__Data__:
·····
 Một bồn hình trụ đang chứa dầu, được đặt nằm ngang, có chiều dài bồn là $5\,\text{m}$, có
·····
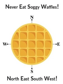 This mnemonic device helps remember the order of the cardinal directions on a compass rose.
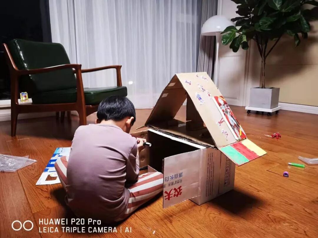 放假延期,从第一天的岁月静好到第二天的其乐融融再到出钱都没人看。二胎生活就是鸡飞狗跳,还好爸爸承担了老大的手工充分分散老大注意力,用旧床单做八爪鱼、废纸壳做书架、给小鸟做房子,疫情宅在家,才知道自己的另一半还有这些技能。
·····
An exact copy is needed of the stretch above that opens with the line containing "This mnemonic device" and closes with the line containing "放假延期,从第一天的岁月静好"; the pictures are not part of it.

 This mnemonic device helps remember the order of the cardinal directions on a compass rose.
 放假延期,从第一天的岁月静好到第二天的其乐融融再到出钱都没人看。二胎生活就是鸡飞狗跳,还好爸爸承担了老大的手工充分分散老大注意力,用旧床单做八爪鱼、废纸壳做书架、给小鸟做房子,疫情宅在家,才知道自己的另一半还有这些技能。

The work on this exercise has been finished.